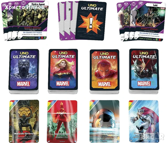 С тази игра с карти UNO Ultimate Marvel, играчите може да не са супергерои на Marvel, но все пак могат да играят като такива! Тази премиум версия на UNO® включва четири тестета, всяко от които е вдъхновено от популярен герой. Всеки играч избира да бъде герой със специални сили, които може да се използват ВСЕКИ ход. Картите за събития, врагове и предмети от тестето Опасности могат да променят баланса на силите! Играчите трябва да се отърват от картите си бързо, точно както в класическото UNO®, и да не забравят да извикат „UNO!“, когато им остане една карта. Специалното в UNO Ultimate Marvel е, че има ДВА начина да спечелите всяка игра, плюс четири невиждани досега фолио карти, които играчите могат да запазят и да събират или използват в играта, за да добавят забавен обрат към тестето Ultimate! Тази игра с карти е чудесен подарък за феновете на UNO® и Marvel, както и за игрови вечери. Цветовете и декорациите могат да варират.
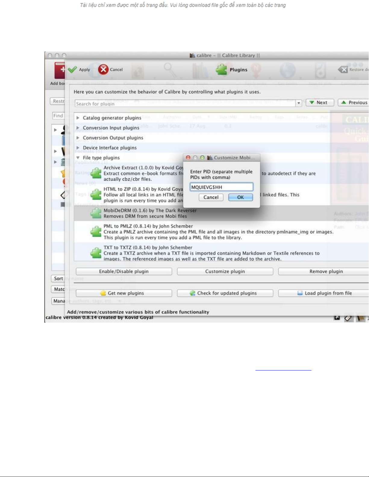 6. Sắp xong rồi, bước cuối cùng là bấm vào Plugin "MobiDeDRM (0.16)..." (nằm trong mục File
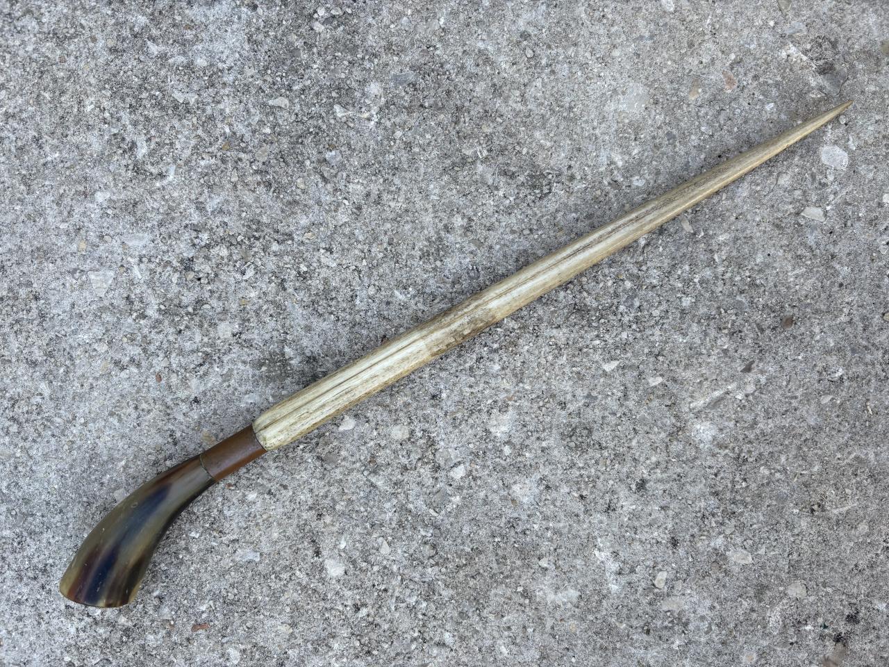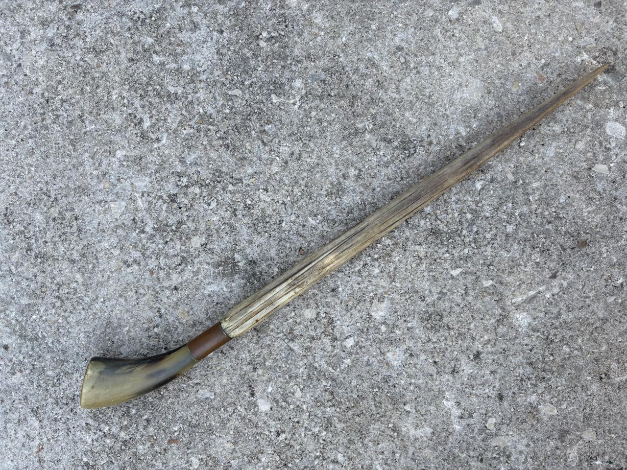 I’m curious to know where this dagger might be from. Doesn’t appear to be particularly old. I’m not sure if the “blade” is a billfish bill or perhaps mammalian leg bone? The hilt is the tip of a cow’s horn. The sleeve or ferrule is thin brass. It’s just held in by friction and is loose as you can see. Any input is appreciated - I know this may just be a curio or knickknack!
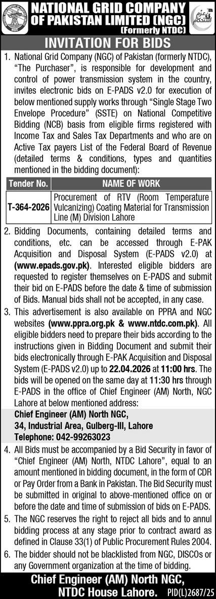 Electrical, Electronics, Energy, General Order Supply, Machinery, Mechanical, WAPDA
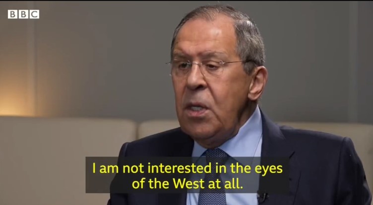 Kada je novinar Stiven Rozenberg, koji je razgovarao sa šefom ruske diplomatije, istakao da je u očima Zapada Rusija odgovorna za sudbinu zarobljenih stranaca, Lavrov ga je prekinuo i odgovorio:
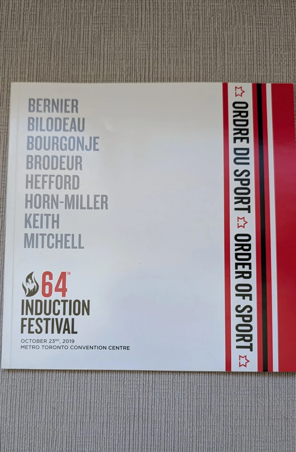 This is a program from the 64th Order of Sport Induction Festival held on October 23rd, 2019 at the Metro Toronto Convention Centre. It lists the inductees for that year. The program features a red and white design with black accents.
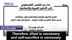Significantly, PA’s other TV channel, PA TV, has joined in, and is broadcasting a call to Palestinians and “the Islamic nation” several times daily, urging them “to act before it’s too late.” Text slides are read by a narrator followed by part of a song, which the PA used to ignite its terror wave in October 2000. The message is to go to holy war: “Jihad is necessary”:
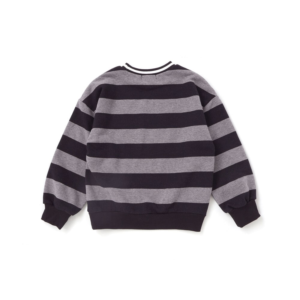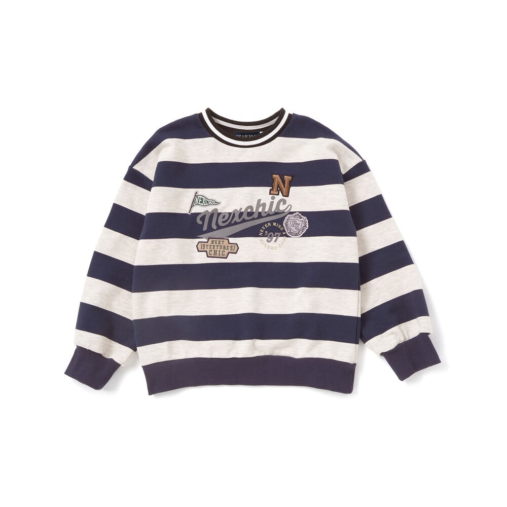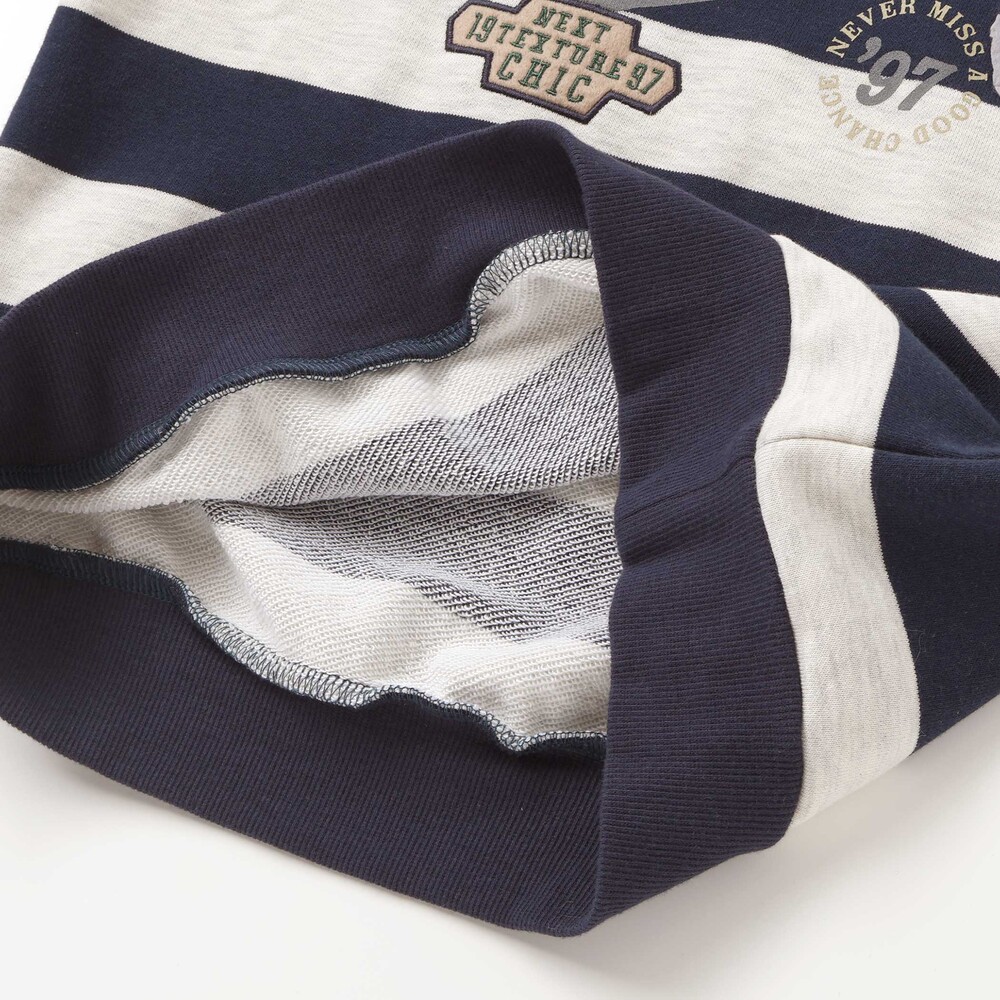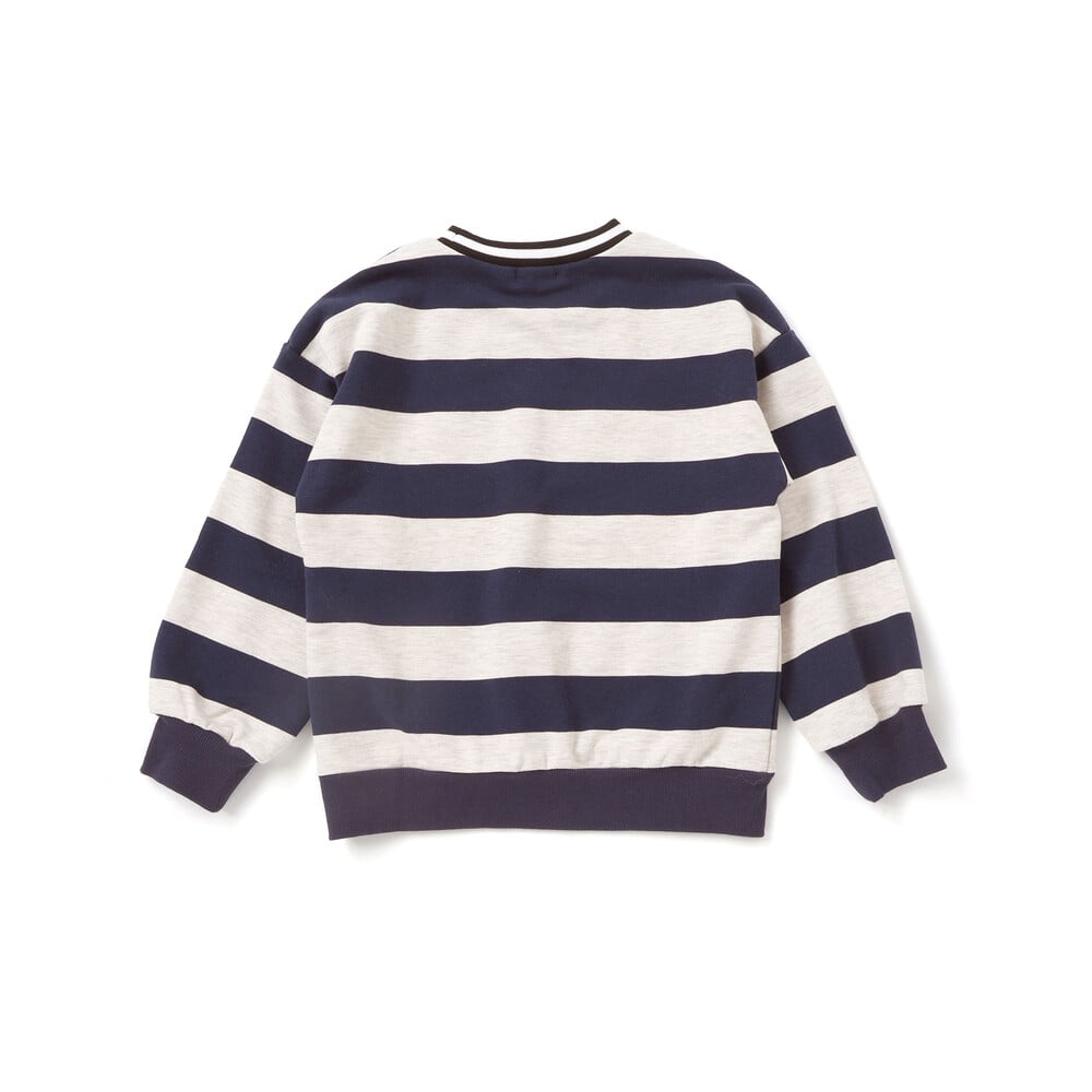 カジュアルな印象のボーダー柄裏毛素材を使用した、着心地の良い男の子用トレーナー。

Your objective
The required output is every line from the one containing "Significantly, PA’s other" through the last line of the data above, restated exactly and without pictures.

Response
Significantly, PA’s other TV channel, PA TV, has joined in, and is broadcasting a call to Palestinians and “the Islamic nation” several times daily, urging them “to act before it’s too late.” Text slides are read by a narrator followed by part of a song, which the PA used to ignite its terror wave in October 2000. The message is to go to holy war: “Jihad is necessary”:
 カジュアルな印象のボーダー柄裏毛素材を使用した、着心地の良い男の子用トレーナー。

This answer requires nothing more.